Top of Materials provided
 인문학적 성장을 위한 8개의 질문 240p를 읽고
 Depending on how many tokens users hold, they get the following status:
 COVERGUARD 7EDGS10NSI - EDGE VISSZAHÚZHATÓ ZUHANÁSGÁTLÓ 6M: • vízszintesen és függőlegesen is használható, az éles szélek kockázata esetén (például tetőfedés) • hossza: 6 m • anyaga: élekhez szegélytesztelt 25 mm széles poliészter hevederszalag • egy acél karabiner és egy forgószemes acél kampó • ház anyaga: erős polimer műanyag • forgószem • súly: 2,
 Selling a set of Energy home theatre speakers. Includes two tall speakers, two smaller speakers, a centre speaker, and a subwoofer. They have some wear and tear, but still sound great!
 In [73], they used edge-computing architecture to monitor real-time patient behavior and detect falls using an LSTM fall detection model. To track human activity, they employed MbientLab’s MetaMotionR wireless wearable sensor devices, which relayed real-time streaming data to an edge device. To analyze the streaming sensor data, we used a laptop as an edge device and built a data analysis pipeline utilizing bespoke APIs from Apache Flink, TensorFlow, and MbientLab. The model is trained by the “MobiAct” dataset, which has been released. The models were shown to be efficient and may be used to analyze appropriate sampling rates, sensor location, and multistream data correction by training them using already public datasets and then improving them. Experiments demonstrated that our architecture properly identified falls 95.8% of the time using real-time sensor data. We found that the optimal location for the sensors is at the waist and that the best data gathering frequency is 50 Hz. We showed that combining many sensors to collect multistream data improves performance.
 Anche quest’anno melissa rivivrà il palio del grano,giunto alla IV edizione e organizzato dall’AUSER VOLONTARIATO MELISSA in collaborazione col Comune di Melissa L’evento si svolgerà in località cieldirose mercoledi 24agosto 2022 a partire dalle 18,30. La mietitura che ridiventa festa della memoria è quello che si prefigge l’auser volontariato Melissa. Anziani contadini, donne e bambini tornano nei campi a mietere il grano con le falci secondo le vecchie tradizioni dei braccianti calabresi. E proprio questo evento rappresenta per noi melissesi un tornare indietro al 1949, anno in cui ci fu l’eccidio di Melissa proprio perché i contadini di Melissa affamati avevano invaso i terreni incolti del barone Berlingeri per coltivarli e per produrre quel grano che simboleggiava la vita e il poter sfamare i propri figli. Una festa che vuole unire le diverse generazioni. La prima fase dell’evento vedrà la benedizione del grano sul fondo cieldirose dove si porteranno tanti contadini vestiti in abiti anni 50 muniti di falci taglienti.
Bottom of Materials provided
Top of Materials provided
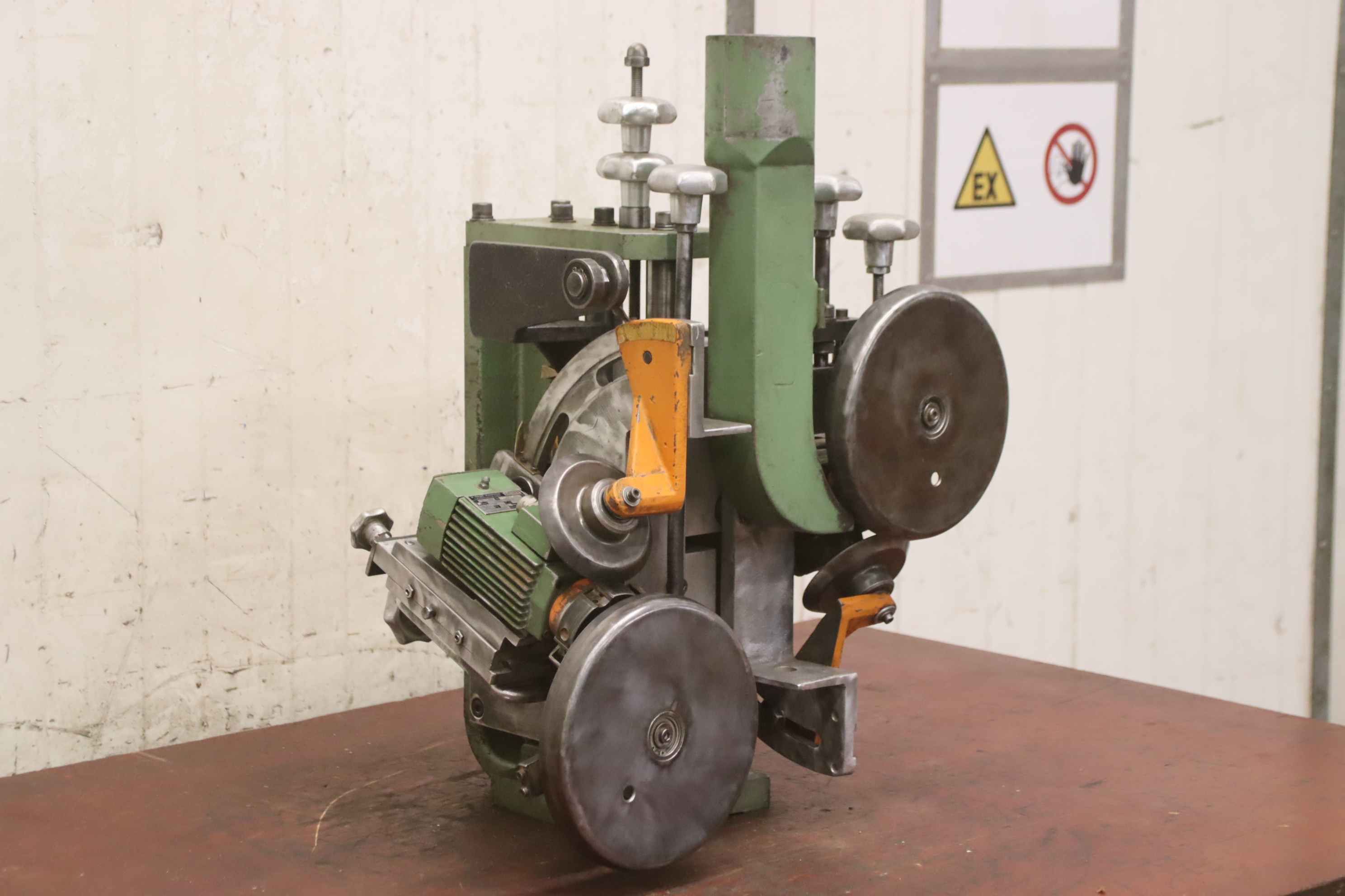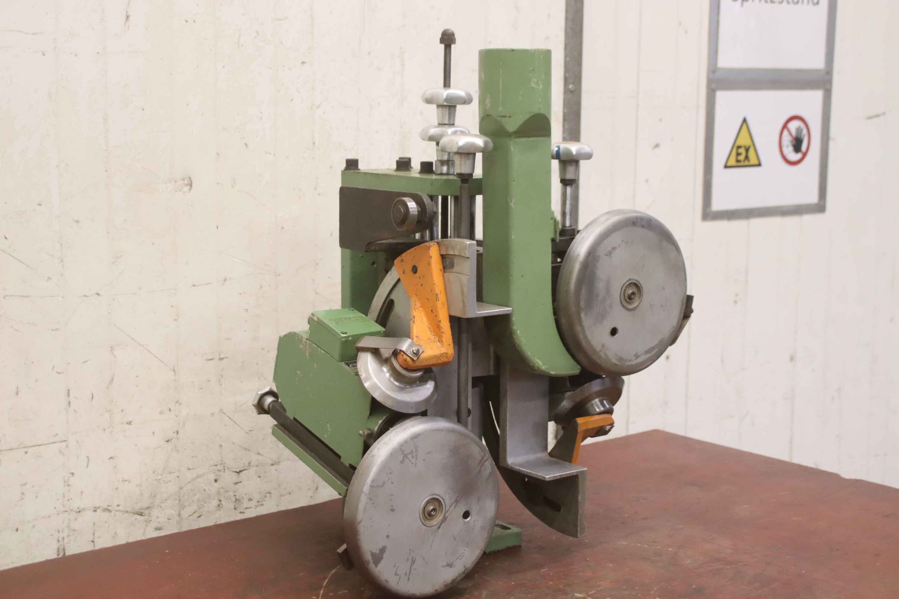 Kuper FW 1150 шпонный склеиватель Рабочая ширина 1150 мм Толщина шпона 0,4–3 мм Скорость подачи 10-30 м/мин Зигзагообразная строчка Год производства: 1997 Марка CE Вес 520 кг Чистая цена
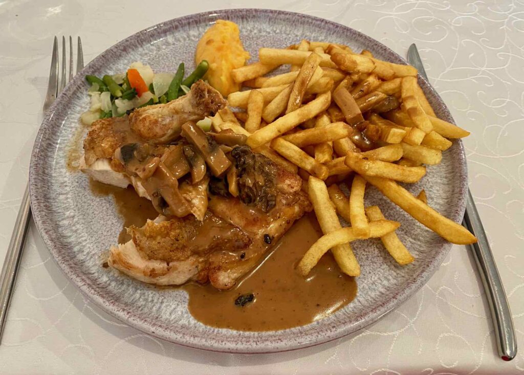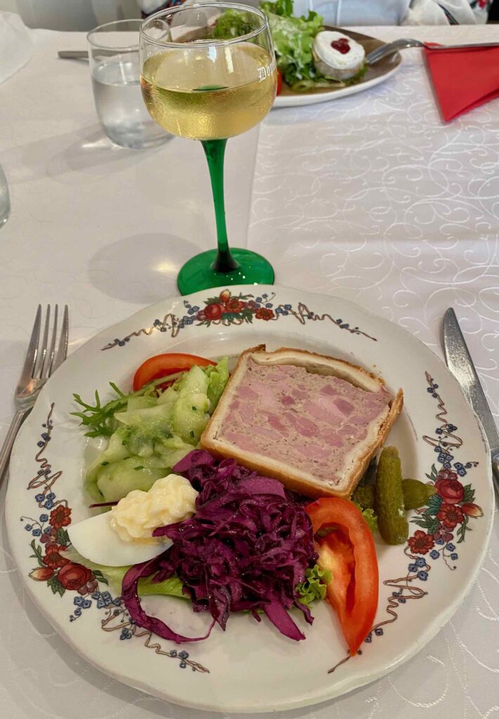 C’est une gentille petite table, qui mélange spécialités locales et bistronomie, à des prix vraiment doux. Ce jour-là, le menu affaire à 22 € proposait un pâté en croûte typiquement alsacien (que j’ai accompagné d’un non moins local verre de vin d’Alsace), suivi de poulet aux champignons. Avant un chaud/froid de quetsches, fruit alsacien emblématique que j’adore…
Bottom of Materials provided
» **Try it**
Quote the data above from the line containing "인문학적 성장을 위한 8개의 질문 240p를 읽고" to the line containing "COVERGUARD 7EDGS10NSI - EDGE", inclusive, and stop.

» **Written solution**
 인문학적 성장을 위한 8개의 질문 240p를 읽고
 Depending on how many tokens users hold, they get the following status:
 COVERGUARD 7EDGS10NSI - EDGE VISSZAHÚZHATÓ ZUHANÁSGÁTLÓ 6M: • vízszintesen és függőlegesen is használható, az éles szélek kockázata esetén (például tetőfedés) • hossza: 6 m • anyaga: élekhez szegélytesztelt 25 mm széles poliészter hevederszalag • egy acél karabiner és egy forgószemes acél kampó • ház anyaga: erős polimer műanyag • forgószem • súly: 2,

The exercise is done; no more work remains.